Value Village has a backroom stash of cables, answering machines, automatic cassette clock radios and other artifacts from then and now. A few startle with the force of their temporal dislocation. You don’t expect to be able to touch a thing you’ve forgotten and then utterly remember.

I never had a Radio Shack Color Computer, but know people who did. Mostly they were treated as a strange but revered pet, given their own room and television. Thick books surrounded them so that the kids could figure out how to program a Moon mission or run the Federal Reserve, but they typically remained unopened and the CoCo was used to play games made of little characters with pixels the size of your thumb.

A few, though, were used by the secret wizard underground. Guys–always male, and always very thin or far too heavy–typed on the keyboard and spoke quickly in arcana that to them was plain English. They knew what all the little chips under that silver plastic did, which tiny tin limb reached down to the green circuit board and talked to what pin in another bug. When they typed they knew everything from the closing of the key’s switch to how the character was drawn and placed on the TV. And they knew how the TV made images too, of course.

1980 or so had these boys and men far, far on the sidelines, a subculture as incomprehensible as phone phreaking, Dungeons and Dragons, and “renaissance faires”. They looked strange and had strange thoughts, read weird books and could barely dress themselves. There was nowhere for them to go but inside the machine. All human social trapping was irrelevant inside the silicon, and they could speak the language.

I never reached that point of knowledge and mastery, if that is the proper way to regard such things. Several things prevented it: a fascination with video and film that was easier to understand at the time, my belief I didn’t know math well enough and never would, the paradoxical adult reaction of revulsion and a desperate need for you kids to understand this stuff. My few BASIC programs didn’t do all that much, and the cassette storage of the time lost my work anyway. Like being a real scientist, it was something I could ever really do.

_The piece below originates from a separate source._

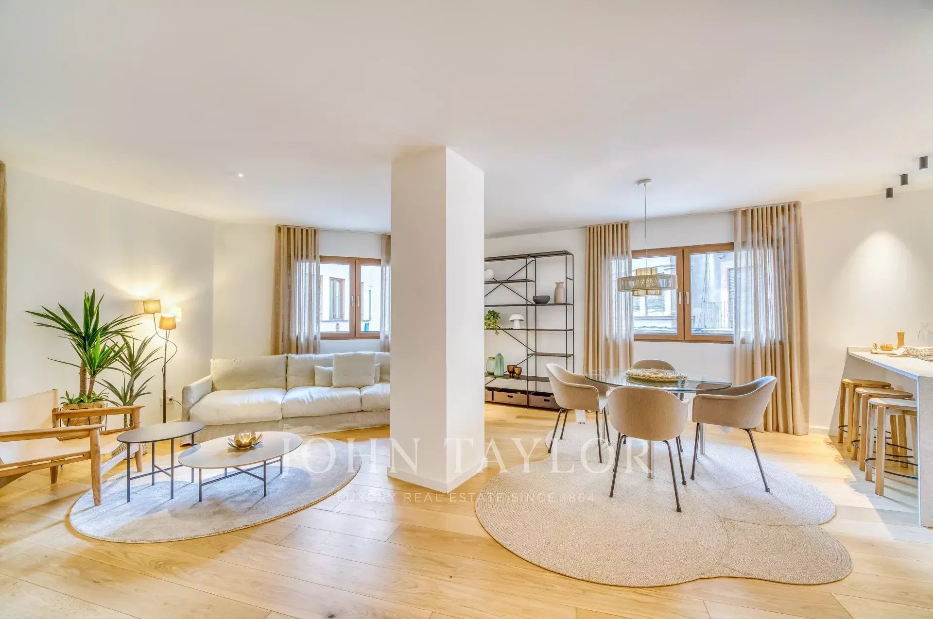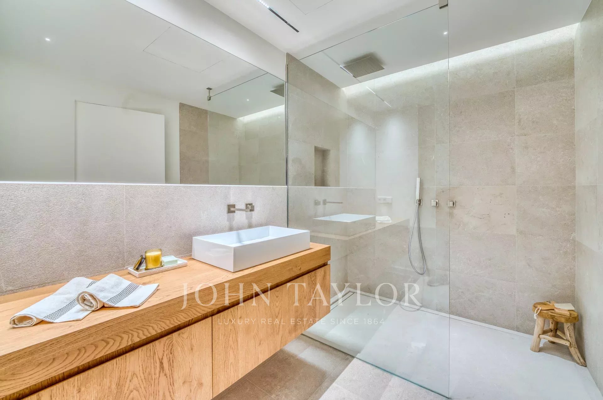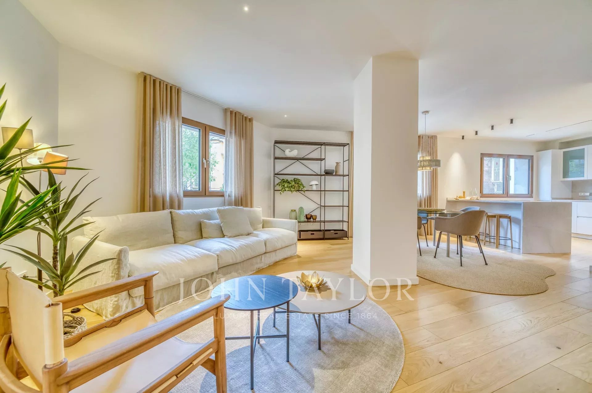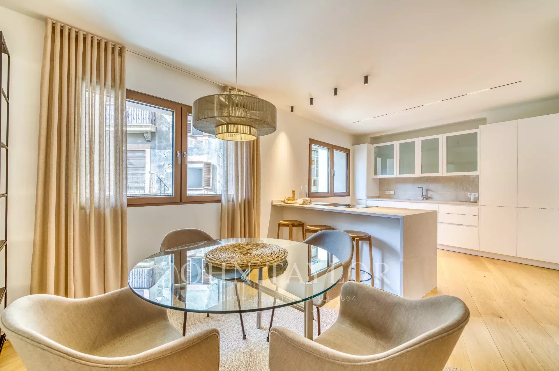 Tento luxusní apartmán se nachází na klidném náměstí Plaza v srdci starého města Palmy a skládá se ze dvou ložnic, tří koupelen (dvě en-suite, jedna koupelna pro hosty), útulné terasy a soukromé střešní terasy. Zatímco vchod nabízí otevřený půdorys kuchyně/jídelny/obývacího prostoru, ložnice vytvářejí klidné soukromí v zadní části bytu a budovy. Velká okna na míru, dřevěné podlahy a teplé tóny v interiéru zajišťují útulné prostředí ve všech místnostech. Skutečným vrcholem nemovitosti je soukromá střešní terasa, na které si můžete užívat slunce nebo se bavit s přáteli. Pro vaše pohodlí je celý byt vybaven podlahovým vytápěním, klimatizací i domácí automatizací a nabízí úložný prostor na vstupním podlaží budovy. V případě potřeby je možné dokoupit garážové stání ve stejné budově.

Finding this CoCo abandoned on a thrift store shelf struck me with that era’s dual sense of promise and foreboding. Nobody really understood what these things were for or what they could do, but they somehow controlled the nukes. Nobody understood those either, but there was an era beyond that old present where we all had jobs in air conditioning and smog and inflation weren’t problems. The computer was something better even if nobody understood what that was. Even the wizards didn’t: they just trusted that better thing was out there, coming.

Now computers are at discount stores and are as exotic as socks. For many people they are yet another thing you need pay someone else to fix. Computers have made a few people rich and given millions jobs. The CoCo and others like it did neither: companies that made it and computers like it are long gone, out of the business, or teetering. That rare handful of their long-ago adepts still live alone in messy apartments, reading strange books and dressing badly, though they look worse now, after the divorces. They move from job to job and have a hard time getting along, fitting in. They are still looking for something they can’t describe and is never quite right, but they know it will come if they can just get some serious hacking time in. Someday they will finish the decades-old work started in a back room one late night when Reagan was President and the future was still to come.